PCG logo
Article

Testing a Kafka consumer with Avro schema messages

The short answer is, as usual: it depends. Let’s assume this situation:

You have a Spring Boot microservice to manage user data. That microservice listens to incoming events (such as user creations, updates or deletes) from Kafka, transforms them into your own business objects, writes them into a PostgreSQL database and provides them via REST interface to your frontend. The overall infrastructure provides AvroExternal Link messages and the Confluent schema registryExternal Link.
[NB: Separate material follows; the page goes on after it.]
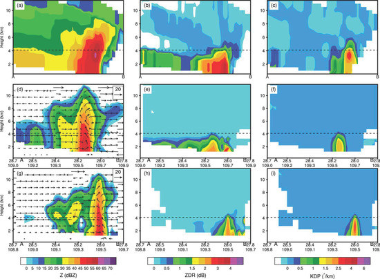 Vertical cross sections oriented perpendicular to the squall line can be used to examine the structure of the system in more detail (Figure 9). The dashed black line in Figure 9 indicates the freezing level, which was obtained from a 1200 UTC sounding at the same site as S-POL and is located at ~4 km. In the cross sections of Z and ZDR from S-POL (Figure 9a,b), the trailing stratiform region is split from the leading convective line by a weak echo transition zone with lower Z and ZDR values. The melting layer in the stratiform part is marked by a well-pronounced abrupt drop in ZDR with altitude (Figure 9b). Another notable polarimetric signature is the ZDR column associated with the convective updraft, which is located at the front of the squall line and extends up to a height of 5 km (i.e., ~1 km higher than the freezing level). The maximum ZDR (~3.5–4 dB) was concentrated between the surface and a height of 2 km (Figure 9b), corresponding to slightly lower KDP (~1.5–2°/km) beneath an overhang structure in the KDP profile (Figure 9c), which indicates a moderate concentration of large raindrops near the ground. This is supposed to be the result of size sorting, since large raindrops enlarge by acquiring cloud droplets when falling, whereas smaller drops are carried upwards by the rising air [65]. KDP values in excess of 1°/km were observed at the upper part of the ZDR column; this phenomenon, known as the KDP Column, is attributed to the occurrence of supercooled raindrops or water-coated hail adjacent to the updraft [66,67]. The overhang of KDP below the freezing level is associated with high Z values (>60 dBZ), which is likely due to the melting of graupel and hail into raindrops, thus resulting in increased KDP.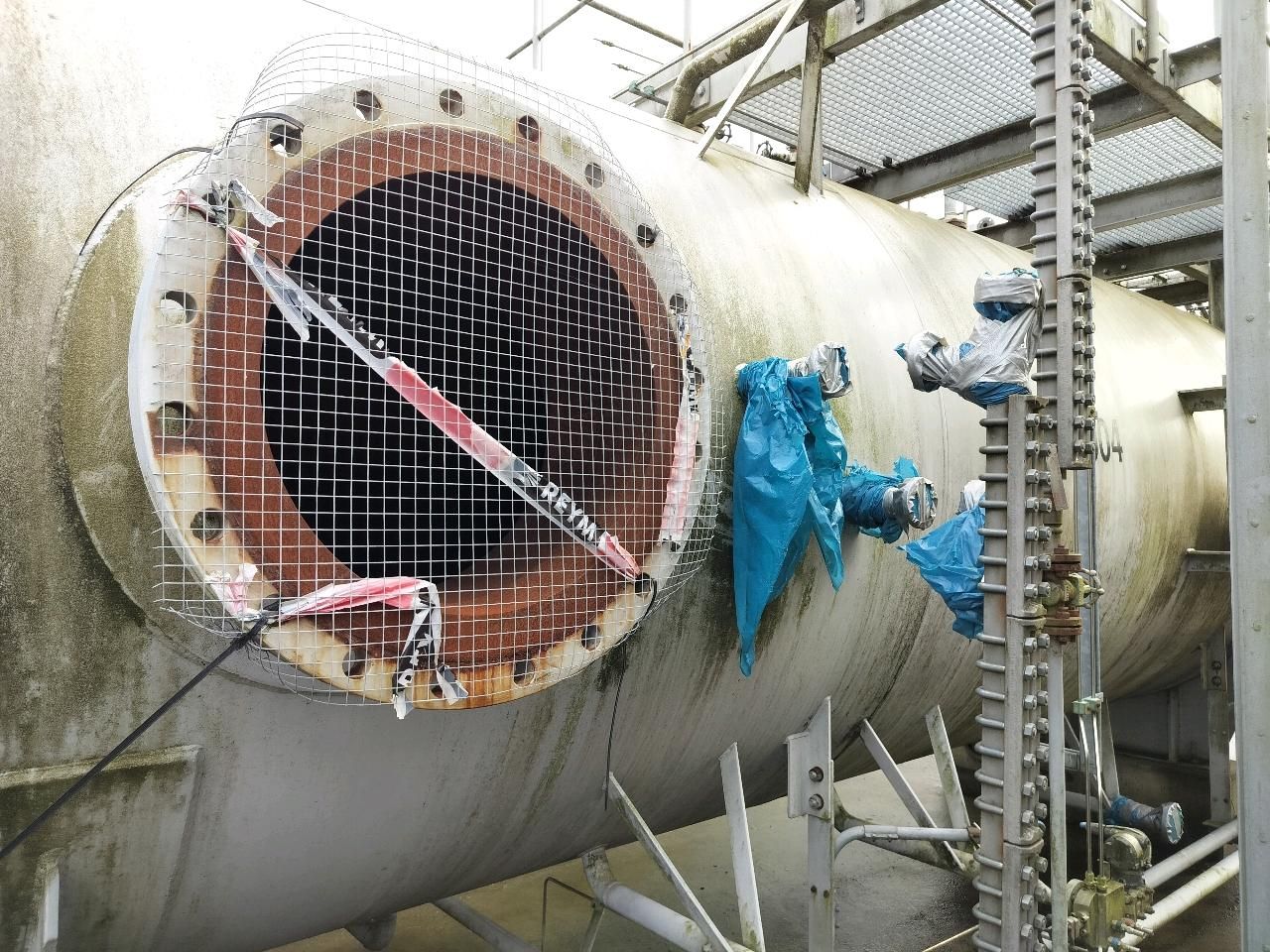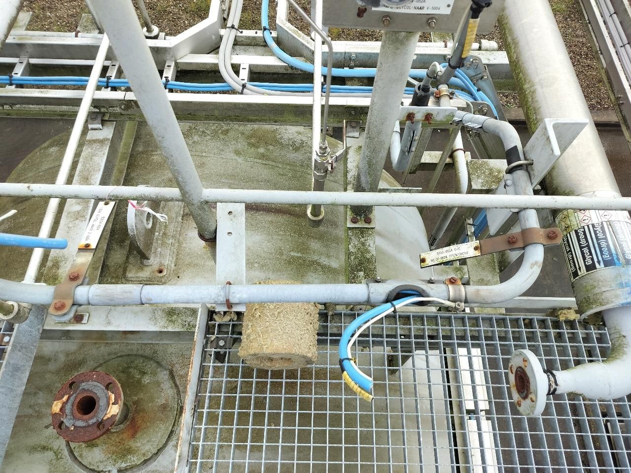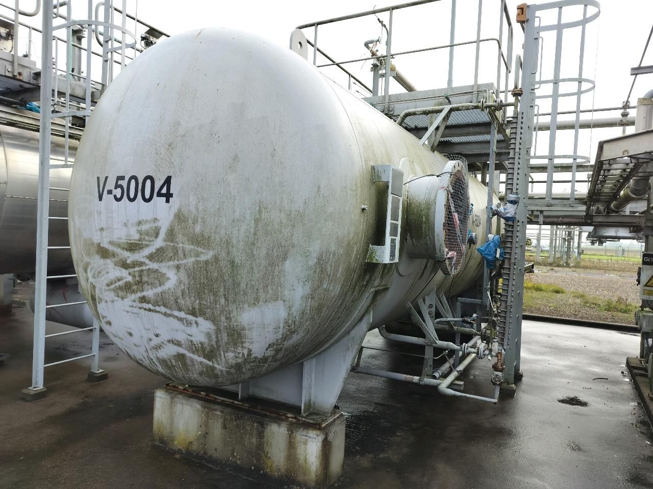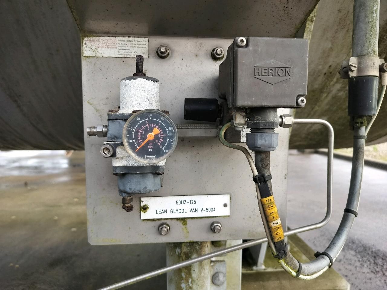 Frames Process Systems is known for modular engineered equipment used in oil & gas, petrochemical, and energy industries. This vessel is installed outdoors at an industrial plant, integrated into a larger glycol regeneration or circulation system.

The sample project uses Apache Maven with the avro-maven-plugin to download the schema files and generate the sources, but of course there are plugins for Gradle too.

Now you want to test that your Kafka consumer reads the events, transforms them into your database entities, and saves them.

When you check on the internet for testing in the context of Spring Boot Kafka consumer and Avro schema, you find quite a few variants: using the MockSchemaRegistryClientExternal Link, or writing your own custom Avro de-/serializersExternal Link, or setting up a Testcontainers ecosystemExternal Link with a Kafka, a Zookeeper and a Confluent Schema Registry, or using the EmbeddedKafka provided by SpringExternal Link in the spring-kafka-test dependency.

All these solutions have their valid pros and cons.

In this blog post, I will present a solution that uses a minimum set of Testcontainers to provide the best compromise between control, speed and efficiency. The other solutions I listed above have their relative pros and cons, which I will cover later in this post.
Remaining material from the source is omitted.